Parallel query vs smart shutdown and Postmaster death

Started by Thomas Munroalmost 7 years ago6 messages
#1Thomas Munro
thomas.munro@gmail.com

Hello hackers,

1. In a nearby thread, I misdiagnosed a problem reported[1]/messages/by-id/CAEepm=0kMunPC0hhuT0VC-5dfMT3K-xsToJHkTznA6yrSARsPg@mail.gmail.com by Justin
Pryzby (though my misdiagnosis is probably still a thing to be fixed;
see next). I think I just spotted the real problem he saw: if you
execute a parallel query after a smart shutdown has been initiated,
you wait forever in gather_readnext()! Maybe parallel workers can't
be launched in this state, but we lack code to detect this case? I
haven't dug into the exact mechanism or figured out what to do about
it yet, and I'm tied up with something else for a bit, but I will come
back to this later if nobody beats me to it.

2. Commit cfdf4dc4 on the master branch fixed up all known waits that
didn't respond to postmaster death, and added an assertion to that
effect. One of the cases fixed was in gather_readnext(), and
initially I thought that's what Justin was telling us about (his
report was from 11.x), until I reread his message and saw that it was
SIGTERM and not eg SIGKILL. I should probably go and back-patch a fix
for that case anyway... but now I'm wondering, was there a reason for
that omission, and likewise for mq_putmessage()?

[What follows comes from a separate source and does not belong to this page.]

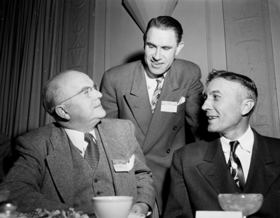 Two out-of-state educators here for a regional conference receive a greeting from Tarrant County Superintendent of Public Instruction O. H. Stowe, center. Left, Dr. Worth McClure of Washington, and right, L. Cameron, Portia, Arkansas.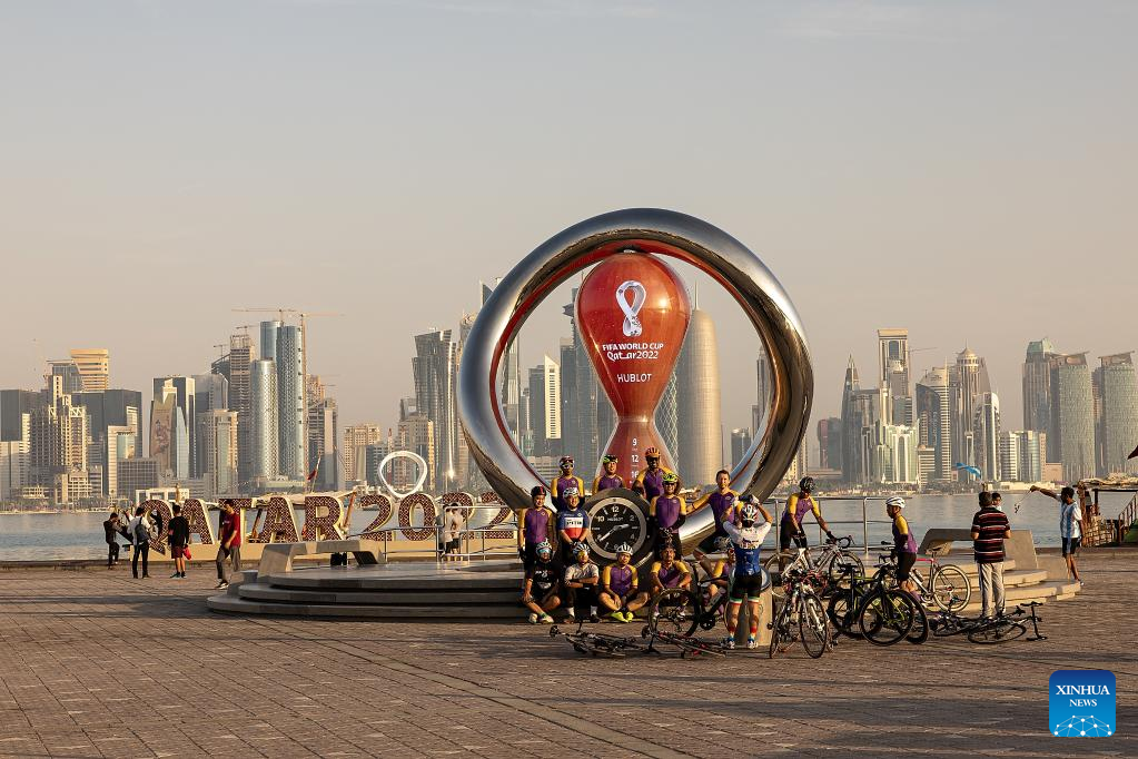 People take photos with a FIFA World Cup 2022 installation near the Doha Corniche in Doha, Qatar, on Nov. 11, 2022. (Xinhua/Xu Zijian)

(Another case of missing PM death detection in the back-branches is
postgres_fdw.)

[1]: /messages/by-id/CAEepm=0kMunPC0hhuT0VC-5dfMT3K-xsToJHkTznA6yrSARsPg@mail.gmail.com

--
Thomas Munro
https://enterprisedb.com

#2Thomas Munro
thomas.munro@gmail.com
In reply to: Thomas Munro (#1)
1 attachment(s)
Re: Parallel query vs smart shutdown and Postmaster death

On Mon, Feb 25, 2019 at 2:13 PM Thomas Munro <thomas.munro@gmail.com> wrote:

1. In a nearby thread, I misdiagnosed a problem reported[1] by Justin
Pryzby (though my misdiagnosis is probably still a thing to be fixed;
see next). I think I just spotted the real problem he saw: if you
execute a parallel query after a smart shutdown has been initiated,
you wait forever in gather_readnext()! Maybe parallel workers can't
be launched in this state, but we lack code to detect this case? I
haven't dug into the exact mechanism or figured out what to do about
it yet, and I'm tied up with something else for a bit, but I will come
back to this later if nobody beats me to it.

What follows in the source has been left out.